When a website or app fails or falters, the standard operating procedure is to assemble a sizable team to quickly "divide and conquer" to find a solution. The details of the problem can usually be found somewhere among millions of log events and metrics, leading to slow and painstaking searches that can take hours and often involve handoffs between experts in different areas of the software. The immediate goal in these situations is not to be comprehensive, but rather to troubleshoot until you find a solution that remedies the symptom, even if the underlying root cause is not addressed.
The entire troubleshooting process takes time — generally lots and lots of it — and experience. Development teams tend to be chronically short-staffed and overworked, so adding the burden to hunt for the cause of an app problem means a substantial opportunity cost among other things. To help with the task, most companies leverage multiple best-of-breed observability tools including application performance management (APM), tracing, monitoring and log management. These are used to detect and find a solution to the problem being experienced. Although each tool provides useful data, in total, it can be hard for a person to interpret what is important and what is less so.
Instead of a disruptive and often frenzied, big team approach, this kind of challenge is a perfect application for machine learning (ML) to sift through volumes of data and find meaningful patterns or anomalies that can explain the root cause.
AIOps — using AI for IT operations — has emerged as a possible solution for correlating data from multiple tools to reduce noise and translate events into something more meaningful for a user. On the plus side, AIOps solutions are designed to handle events from a wide range of tools, making them versatile. On the negative side, most AIOps solutions require very long training periods (typically many months) against labeled data sets. These solutions also fall short, because they are designed to correlate events against known problems rather than find the root cause of new or unknown failure modes. This is a particular weakness in fast changing cloud-native environments, where new failure modes crop up on a regular basis.
In order to find the root cause of new failure modes, a different type of AI approach is needed. Since logs often contain the source of truth when a software failure occurs, one approach is to use ML on logs. The concept is to identify just the anomalous patterns in the logs that explain the details of the problem. This can be challenging since logs are mostly unstructured and "noisy." On top of that, log volumes are typically huge with data coming from many different log streams, each with a large number of log lines. Historical approaches have focused on basic anomaly detection which not only produce verbose results that require human interpretation, but also don't explain correlations across micro-services, often entirely missing key details of the problem.
It turns out, the most effective way to perform ML on logs is to use a pipeline with multiple different ML strategies depending on stage of the process. Specialized ML starts by self-learning (i.e. unsupervised) how to structure and categorize the logs — this produces a solid foundation for the remaining ML stages. Next, the ML learns the patterns of each type of log event. Once this learning has occurred, the ML system can identify anomalous log events within each log stream (events that break pattern).

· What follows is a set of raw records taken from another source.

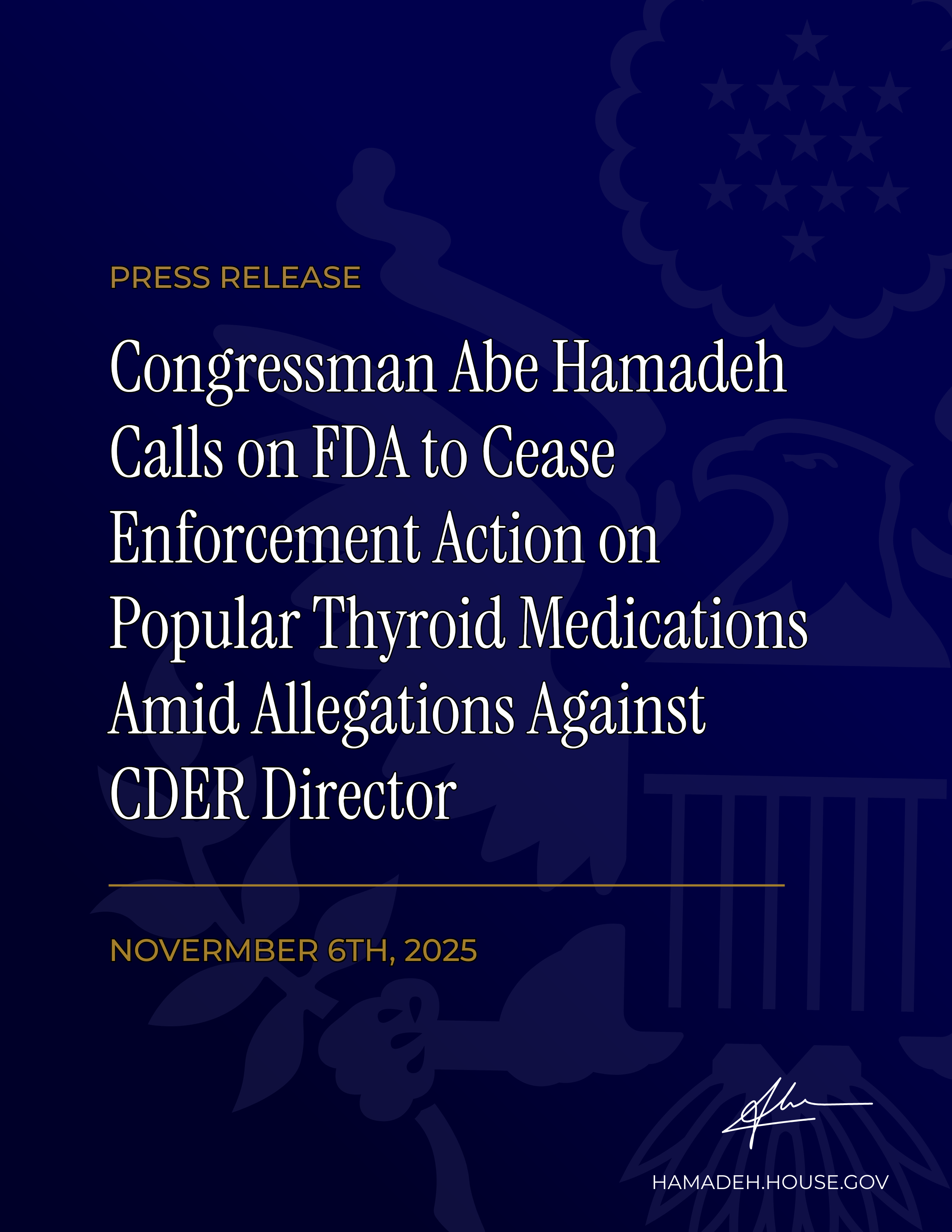Congressman Abe Hamadeh Calls on FDA to Cease Enforcement Action on Popular Thyroid Medications Amid Allegations Against CDER Director
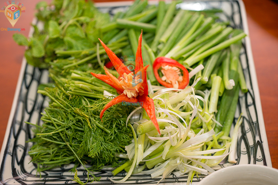 CHẢ CÁ LÃ VỌNG được ăn với loại rau rất riêng: hành lá, thì là và rau thơm (hung láng) chứ không phải rau sống như ăn các món khác. Khi ăn, chảo cá được đặt lên bếp (ở quán dùng loại bếp điện rất gọn và sạch sẽ), bạn chỉ cần cho tý dầu vào và xào xào qua cho rau chín. Màu xanh tươi của rau hòa quyện với mùi thơm nứt của cá, bỏ vào chén, cho thêm tý bún, mắm tôm và lạc (đậu phụng) trộn đều lên…thì thôi ngon không gì bằng.
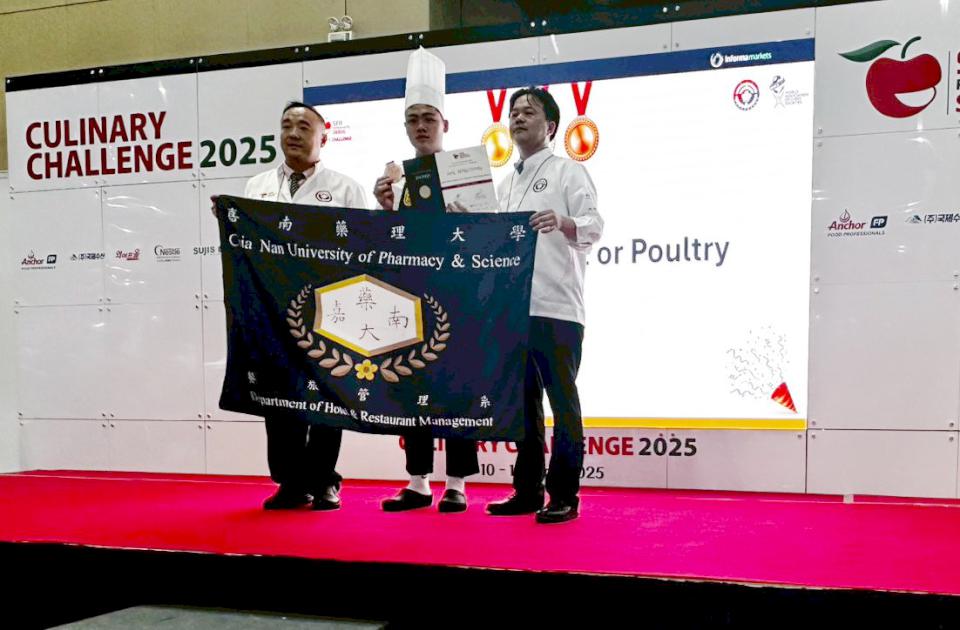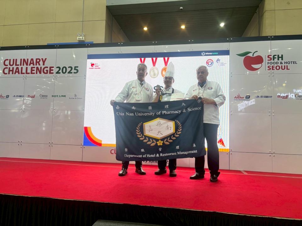 嘉南藥理大學餐旅管理系西餐廚藝隊再傳捷報!由指導老師曾楷勛帶領下,李旻豪、張冠傑、郭俊佑、孫明琮與明韋辰於6月中旬前往韓國,參加「2025首爾國際廚藝挑戰賽(Seoul International Culinary Challenge)」勇奪三銀、四銅與八項佳作,為校爭光。
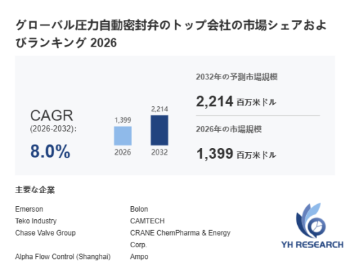 YHResearch調査チームの最新レポート「グローバル圧力自動密封弁のトップ会社の市場シェアおよびランキング 2026」によると、2026年の1399百万米ドルから2032年には2214百万米ドルに成長し、2026年から2032年の間にCAGRは8.0%になると予測されています。
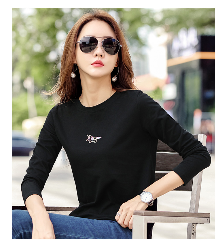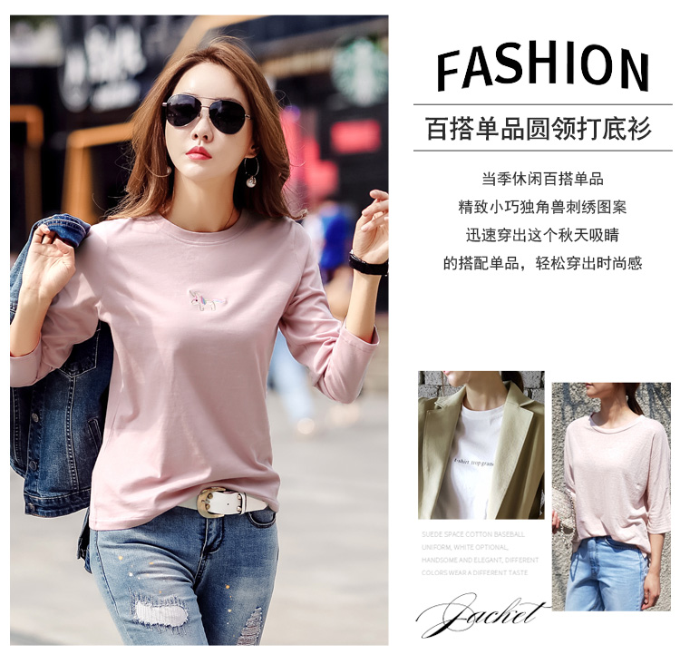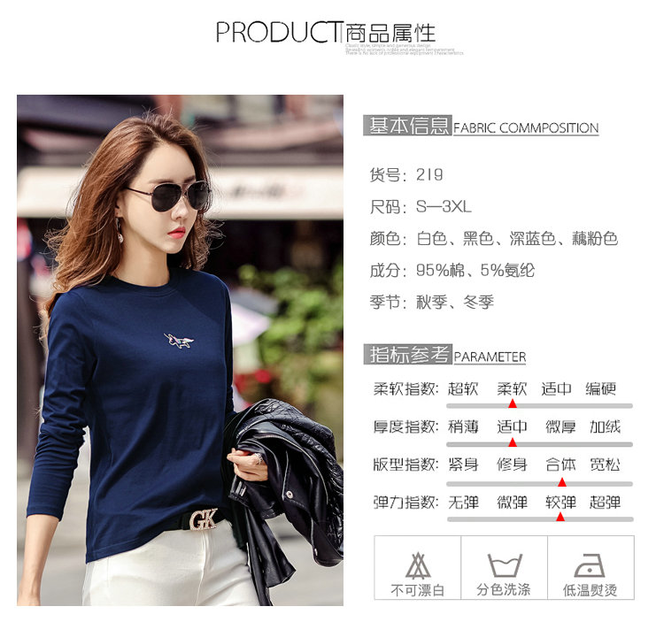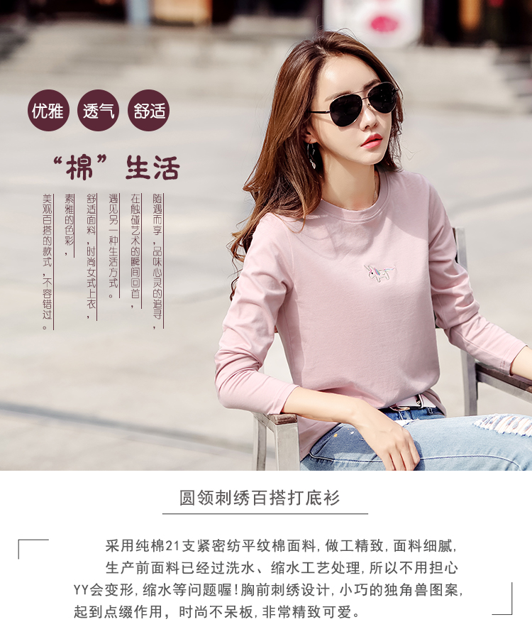 2019春秋純棉長袖t恤女老人奶奶上衣t?中老年媽媽全棉打底衫秋衣1入
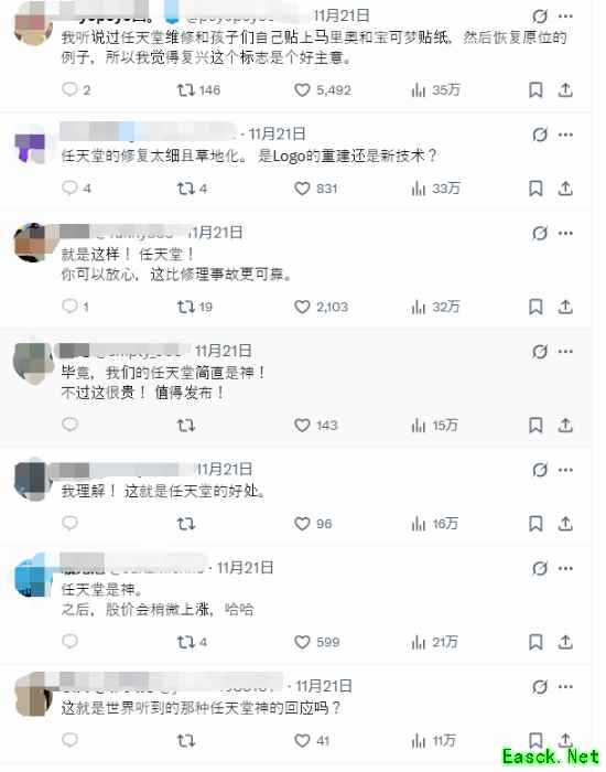 虽然不清楚是换了备用外壳还是用技术手段复原了Logo,但评论区很多网友都对任天堂的服务态度表示赞赏。还有网友提到,任天堂在修理时设备时甚至还会复位小孩子的贴在机身的贴纸,属实认真负责很走心。
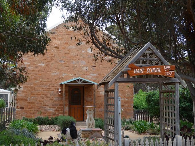 | Keywords: hart brinworth school church presbyterian brinkworth dog border collie bordercollie statue outdoor architecture building Hart. The Hundred of Hart, which was declared in 1864, was named after John Hart a state politician from 1857 to 1873. The Hundred was not surveyed until 1873 and farmers moved into the district after that time. A small settlement emerged at Hart and the only town to develop in the Hundred was at Brinkworth in 1894. The train line reached Hart in 1894 and the small tin shed which served as the siding and station closed in 1969. The story of the tiny settlement of Hart is inextricably linked with the Scottish born Robert McEwin. He migrated to Melbourne in the late 1830s and came to SA to visit his brother George McEwin at Glen Ewin estate near Houghton in 1851. Robert married Cecelia Lyell in Melbourne in 1852 and one of his sons, Alexander McEwin returned to settle in SA in 1884 by taking up land at Hart and east of Hart where the McEwin homestead was named Carlton Hill. This was a fortuitous time as the new railway extension from Blyth to Georgetown was being considered and the settlement of Hart was lucky enough to obtain a railway siding in 1892. One of Alexander’s sons was to later become Sir Lyell McEwin a state politician (1934-1975) and the government Health Minister for most of this time. Sir Lyell was educated at the small Hart state school and later at Balaklava. He used to catch the daily train at 8 am to Balaklava getting home on the 8:20 pm train at night – a very long day for any school boy. One of Sir Lyell McEwin’s sisters Annie, who married Harold Snow from Stirling died early in 1921 and the Presbyterian Church at Hart is a memorial church to her mainly funded by the Alexander McEwin and Harold Snow families. Annie Snow died in 1921 and the church opened in 1923. Presbyterian Church services at Hart had begun in 1896 in the district hall which was also used as the school room. From 1923 the services moved to the adjoining new Presbyterian Church on land donated by Neil Crawford next door. The Hart Presbyterian church opened in 1923 and finally closed in 1976. It is now a private residence. Next door to the church was the Hart hall. It was built of local limestone with lime mortar from the McEwin property lime burning kilns. This hall was erected in 1895. As soon as it was opened it was used for the church, the school and for country dances. In 1923 a new sandstone state school was opened near the Hart railway siding. The last classes of the Hart school were held in 1941. That 1923 stone school became the club rooms for the tennis courts. The “town” of Hart at the junction of six roads was declared in 1877 but no town ever really developed. The settlement did however have a school, an unofficial Post Office, a general store, the Presbyterian Church and the railway siding. The McEwin family built the general store and residence around 1908 as a community service. This still remains near the railway siding. One of the other early settlers of Hart was James Maitland who took up land in 1865 when the Hundred was established. He named his property Anama but later renamed it Anama Park. James Maitland later established a Clydesdale Horse stud on his Anama Park property and it became the longest operating Clydesdale Stud for many years. But as tractors took over ploughing the Clydesdales were no longer needed on farms. Charles Hawker had an Anama estate near Bungaree and that is still in the hands of members of the Hawker family. The little railway siding at Hart was originally known as Anama siding in the 1890s. The Post Office conducted in the general store in Hart was known as Anama Post Office until 1915. The Post Office closed in 1970. The general store closed a few years before the post service ended. Hart’s ongoing contribution to the state and to farming knowledge is the annual Hart Agricultural Field Day held in September of each year. The field days were established in 1982 and still operate with a round 700 attendees each year. Hart. The Hundred of Hart, which was declared in 1864, was named after John Hart a state politician from 1857 to 1873. The Hundred was not surveyed until 1873 and farmers moved into the district after that time. A small settlement emerged at Hart and the only town to develop in the Hundred was at Brinkworth in 1894. The train line reached Hart in 1894 and the small tin shed which served as the siding and station closed in 1969. The story of the tiny settlement of Hart is inextricably linked with the Scottish born Robert McEwin. He migrated to Melbourne in the late 1830s and came to SA to visit his brother George McEwin at Glen Ewin estate near Houghton in 1851. Robert married Cecelia Lyell in Melbourne in 1852 and one of his sons, Alexander McEwin returned to settle in SA in 1884 by taking up land at Hart and east of Hart where the McEwin homestead was named Carlton Hill. This was a fortuitous time as the new railway extension from Blyth to Georgetown was being considered and the settlement of Hart was lucky enough to obtain a railway siding in 1892. One of Alexander’s sons was to later become Sir Lyell McEwin a state politician (1934-1975) and the government Health Minister for most of this time. Sir Lyell was educated at the small Hart state school and later at Balaklava. He used to catch the daily train at 8 am to Balaklava getting home on the 8:20 pm train at night – a very long day for any school boy. One of Sir Lyell McEwin’s sisters Annie, who married Harold Snow from Stirling died early in 1921 and the Presbyterian Church at Hart is a memorial church to her mainly funded by the Alexander McEwin and Harold Snow families. Annie Snow died in 1921 and the church opened in 1923. Presbyterian Church services at Hart had begun in 1896 in the district hall which was also used as the school room. From 1923 the services moved to the adjoining new Presbyterian Church on land donated by Neil Crawfo
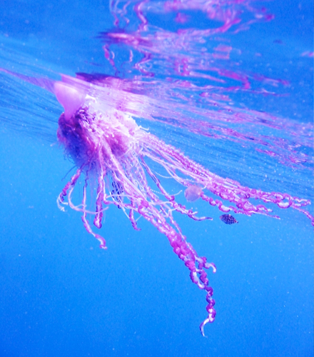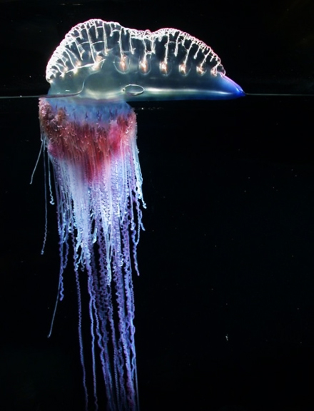 Den portugisiske Carabel – også kaldet ”orlogsmand” kommer frem med hjælp fra vinden i kraft af et “sejl”, som det rejser over bølgerne – en form oppustelig kvælstofholdig vinge i en klar blåviolet farve. Nede i vandet ligger goplens op til ti meter lange og giftige tentakler, der automatisk lammer ethvert byttedyr, som uheldigvis svømmer forbi.
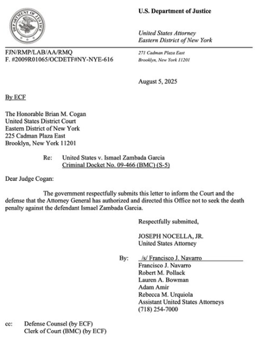 La culpabilidad por delitos relacionados con el narcotráfico que el próximo 25 de agosto aceptará Ismael El Mayo Zambada García ante el juez Brian Cogan, en la Corte Federal del Distrito Este en Brooklyn, Nueva York, Estados Unidos, es una confesión anunciada el pasado 5 de agosto por la fiscalía federal de la Unión Americana, cuando por órdenes de la secretaria de Justicia, Pam Bondi, se informó que el gobierno estadounidense no buscaría la pena de muerte para el cofundador del Cártel de Sinaloa, ni contra los capos dela droga, Rafael Caro Quintero y Vicente Carrillo Fuentes, El Viceroy, presumiblemente tras haber llegado a un acuerdo con las autoridades.
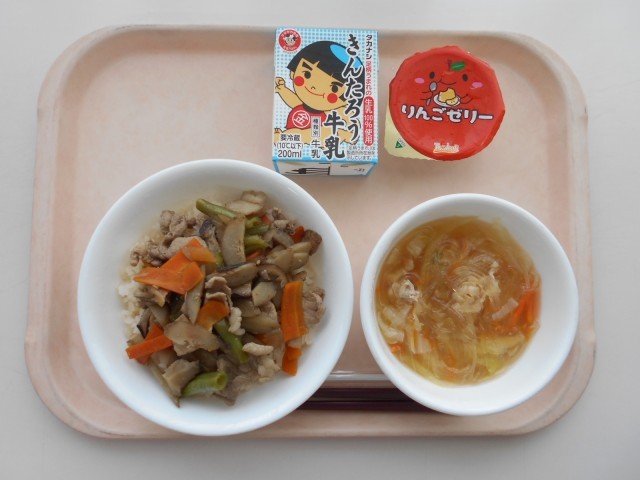 牛乳 五目ごはん(さくらめし) 春雨スープ りんごゼリー
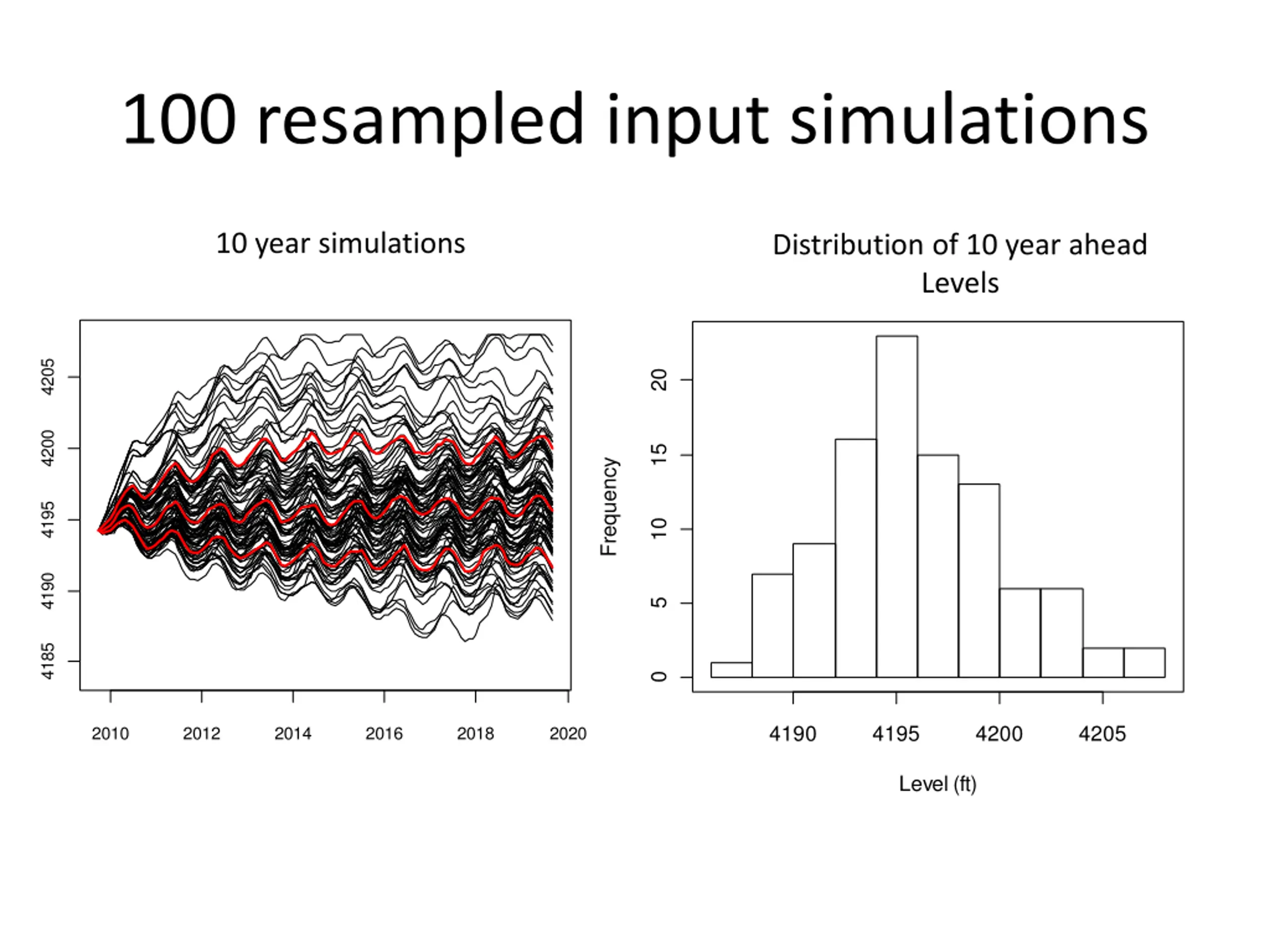 100 resampled input simulations 10 year simulations Distribution of 10 year ahead Levels 4205 20 4200 15 Frequency 4195 10 4190 5 4185 0 4190 4195 4200 4205 2010 2012 2014 2016 2018 2020 Level (ft)

Finally, to pull out the signal from the noise, the system needs to find correlations between anomalies and errors across multiple log streams. This process provides an effective way of uncovering just the sequence of log lines that describe the problem and its root cause. In doing so, it allows for accurate detection of new types of failure modes as well as the information needed to identify root cause.
Such a methodology is similar to the approach taken by skilled engineers — understanding the logs, identifying rare and high-severity events and then finding correlations between clusters of these events across multiple log streams. But it requires considerable time for humans to do this. In practice, the task would be spread out across multiple people in a divide and conquer mode in attempt to accelerate the process and lessen the load for each person. While this inherently makes sense, it creates an additional challenge of requiring team members to communicate with each other in such a way that all are aware of all anomalies and errors, and the observations and learnings are all known and shared across the group. In essence, the team needs to function as a single entity.
A multi-staged ML approach works as a single automated entity, and it should not require any manual training, whether in reviewing correlations for tuning algorithms or massaging data sets. The system should free up DevOps teams, so that they only have to respond to actual findings of root cause. A system should only need a few hours of log data to achieve proper levels of accuracy.
While AIOps is useful for reducing the overall event "noise" from the many observability tools in use in an organization, applying multi-stage unsupervised ML to logs is a great way of both detecting new types of failure modes as well as their root cause. Rather than just triaging a problem and coming up with a quick fix or workaround, the system can determine the true root cause and likely avoid other such problems in the future.